[Material supplied Boundary: Start]
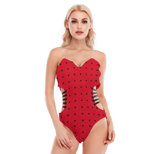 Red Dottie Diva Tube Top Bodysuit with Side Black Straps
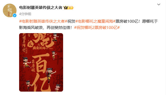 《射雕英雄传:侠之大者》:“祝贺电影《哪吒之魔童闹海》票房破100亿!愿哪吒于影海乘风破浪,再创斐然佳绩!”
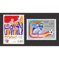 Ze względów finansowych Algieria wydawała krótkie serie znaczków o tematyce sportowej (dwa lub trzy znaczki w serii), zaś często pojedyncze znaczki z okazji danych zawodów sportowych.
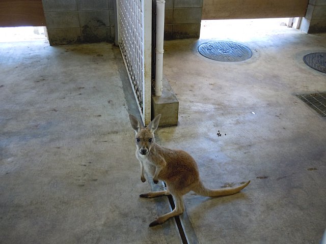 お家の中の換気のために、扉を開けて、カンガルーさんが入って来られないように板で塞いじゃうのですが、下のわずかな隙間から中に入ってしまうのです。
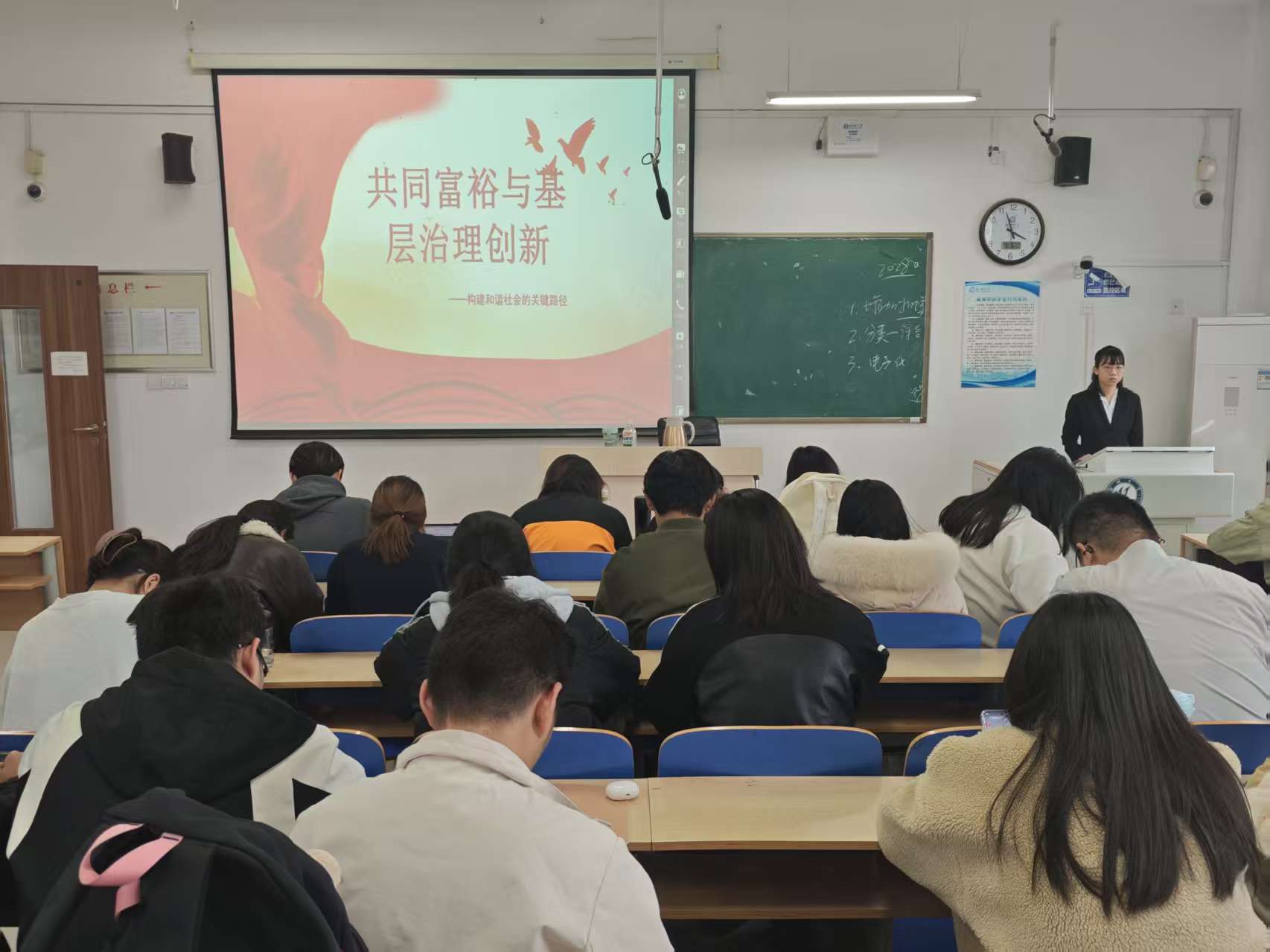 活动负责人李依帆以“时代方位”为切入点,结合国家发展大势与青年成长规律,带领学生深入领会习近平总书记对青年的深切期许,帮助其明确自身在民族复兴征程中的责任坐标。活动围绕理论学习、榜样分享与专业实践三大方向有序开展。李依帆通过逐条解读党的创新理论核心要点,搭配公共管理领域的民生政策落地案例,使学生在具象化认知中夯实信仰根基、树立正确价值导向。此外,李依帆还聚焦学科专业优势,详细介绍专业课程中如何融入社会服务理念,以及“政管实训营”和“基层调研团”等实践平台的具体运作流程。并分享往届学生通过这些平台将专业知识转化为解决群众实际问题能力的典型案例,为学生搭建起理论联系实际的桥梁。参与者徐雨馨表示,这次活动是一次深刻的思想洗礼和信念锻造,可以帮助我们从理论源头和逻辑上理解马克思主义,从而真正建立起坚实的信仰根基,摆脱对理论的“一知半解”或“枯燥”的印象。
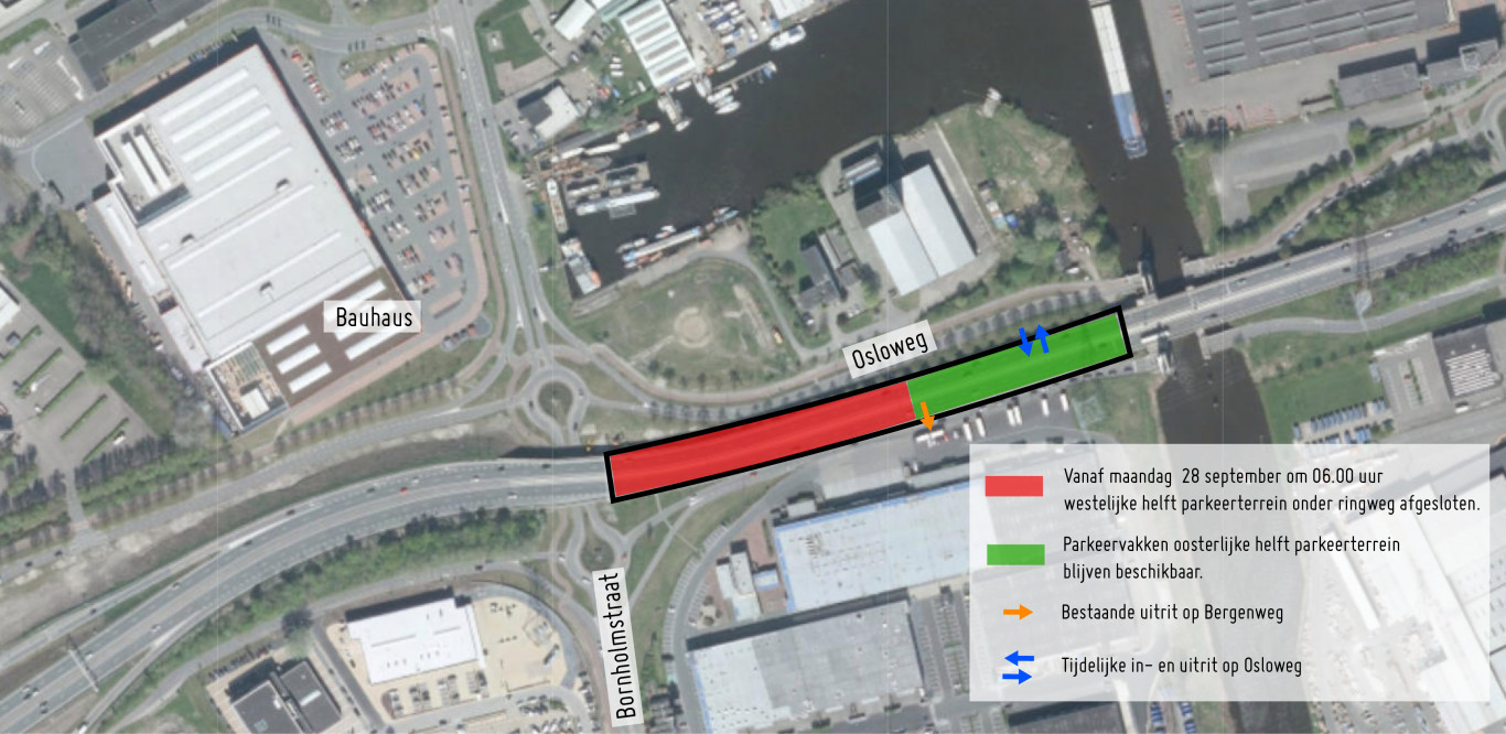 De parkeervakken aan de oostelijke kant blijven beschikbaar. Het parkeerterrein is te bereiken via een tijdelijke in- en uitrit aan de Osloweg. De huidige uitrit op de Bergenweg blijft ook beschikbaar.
[Material supplied Boundary: End]
[Material supplied Boundary: Start]
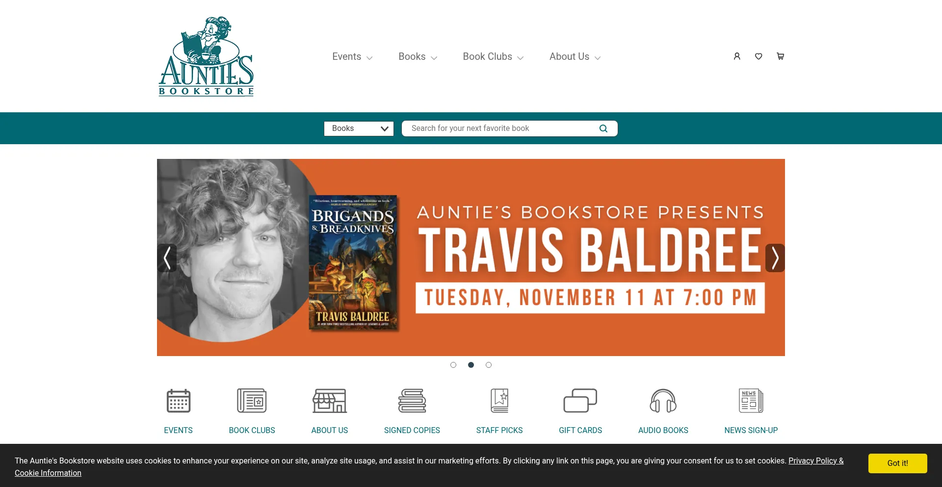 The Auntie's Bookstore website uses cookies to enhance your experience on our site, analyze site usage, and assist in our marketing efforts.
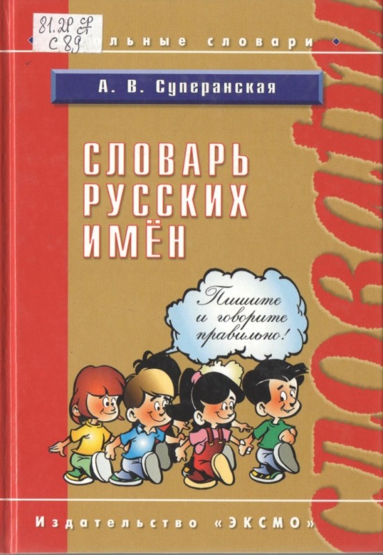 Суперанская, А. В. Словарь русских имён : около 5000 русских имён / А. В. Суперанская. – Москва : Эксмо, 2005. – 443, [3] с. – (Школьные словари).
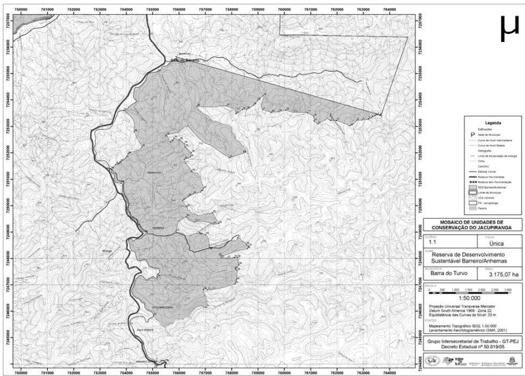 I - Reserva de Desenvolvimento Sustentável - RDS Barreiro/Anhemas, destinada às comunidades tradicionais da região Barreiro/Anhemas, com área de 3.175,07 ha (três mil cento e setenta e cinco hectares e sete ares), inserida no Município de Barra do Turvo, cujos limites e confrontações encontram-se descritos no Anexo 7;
[Material supplied Boundary: End]
[Material supplied Boundary: Start]
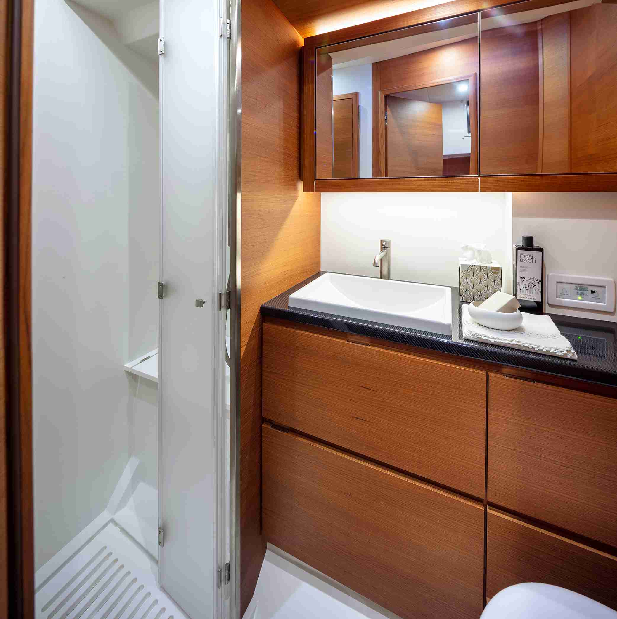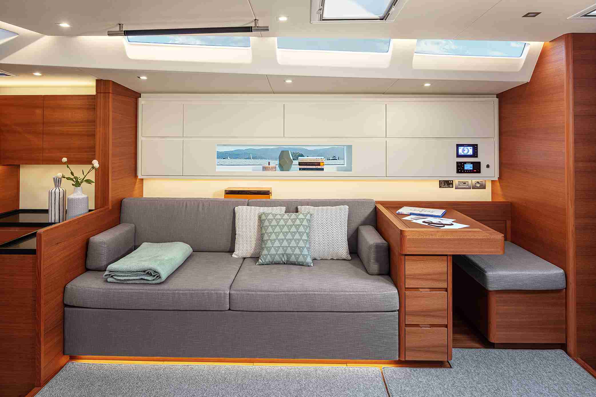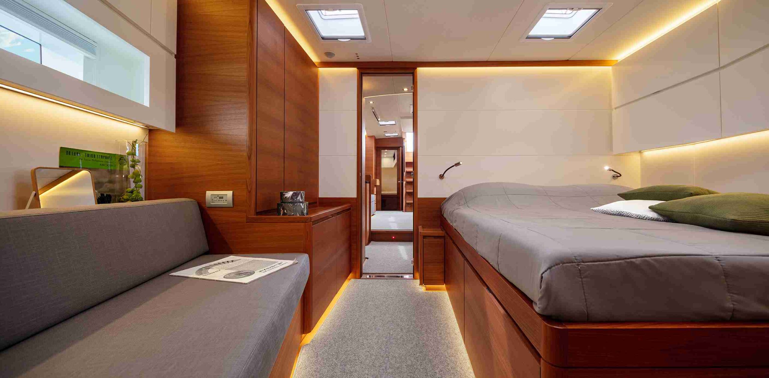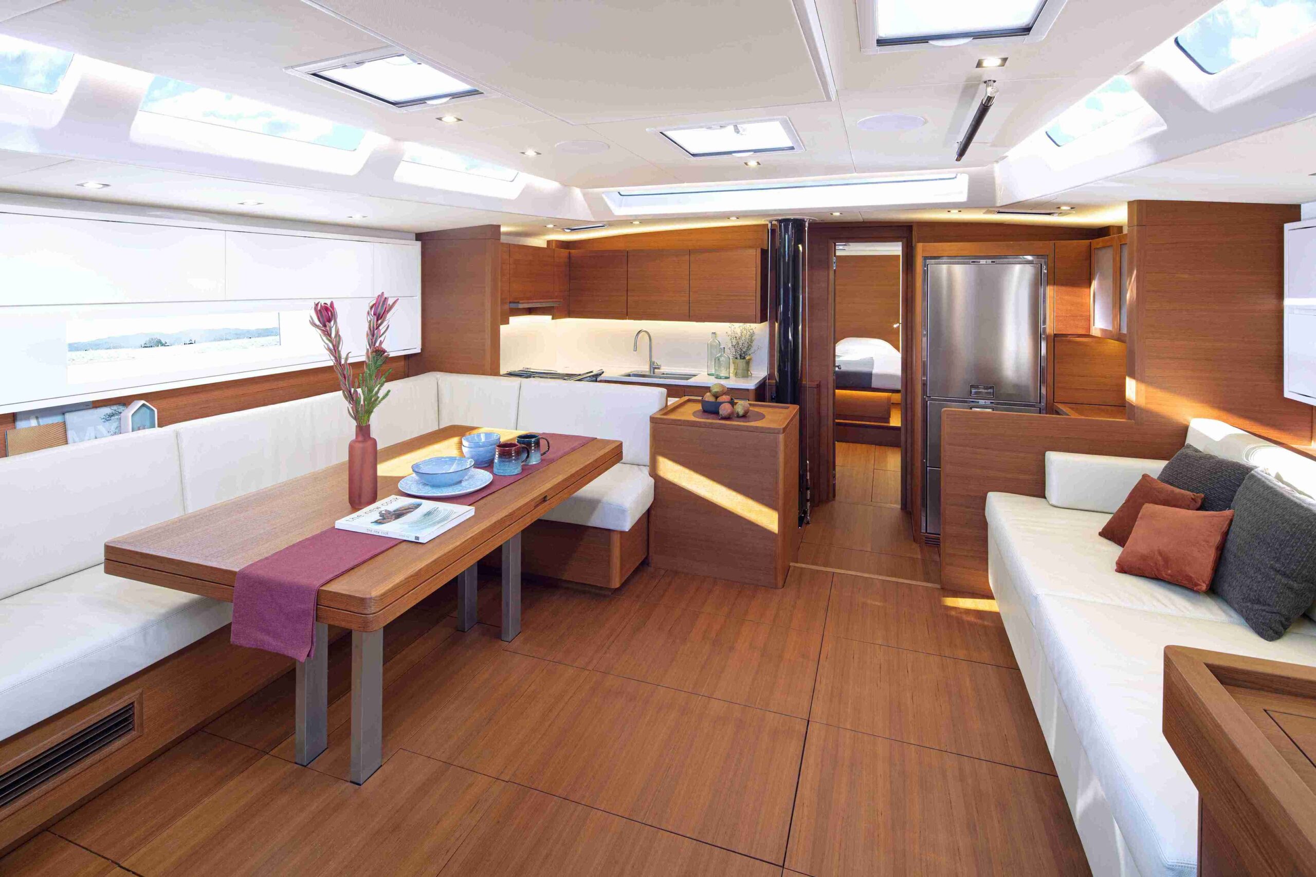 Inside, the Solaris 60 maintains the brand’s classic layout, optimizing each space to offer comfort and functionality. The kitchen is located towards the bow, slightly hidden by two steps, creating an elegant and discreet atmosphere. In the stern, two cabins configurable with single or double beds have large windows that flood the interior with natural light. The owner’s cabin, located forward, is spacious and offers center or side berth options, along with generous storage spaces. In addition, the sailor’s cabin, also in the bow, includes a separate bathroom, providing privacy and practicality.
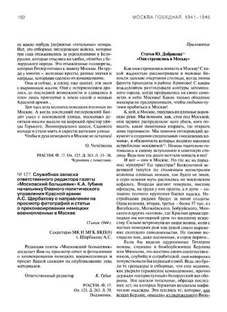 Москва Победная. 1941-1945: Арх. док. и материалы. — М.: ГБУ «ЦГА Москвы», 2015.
[Material supplied Boundary: End]
> **About this exercise**
Above are the records; restate exactly the lines from the one containing "Red Dottie Diva" through the one containing "お家の中の換気のために、扉を", keeping pictures out.

> **The completed task**
 Red Dottie Diva Tube Top Bodysuit with Side Black Straps
 《射雕英雄传:侠之大者》:“祝贺电影《哪吒之魔童闹海》票房破100亿!愿哪吒于影海乘风破浪,再创斐然佳绩!”
 Ze względów finansowych Algieria wydawała krótkie serie znaczków o tematyce sportowej (dwa lub trzy znaczki w serii), zaś często pojedyncze znaczki z okazji danych zawodów sportowych.
 お家の中の換気のために、扉を開けて、カンガルーさんが入って来られないように板で塞いじゃうのですが、下のわずかな隙間から中に入ってしまうのです。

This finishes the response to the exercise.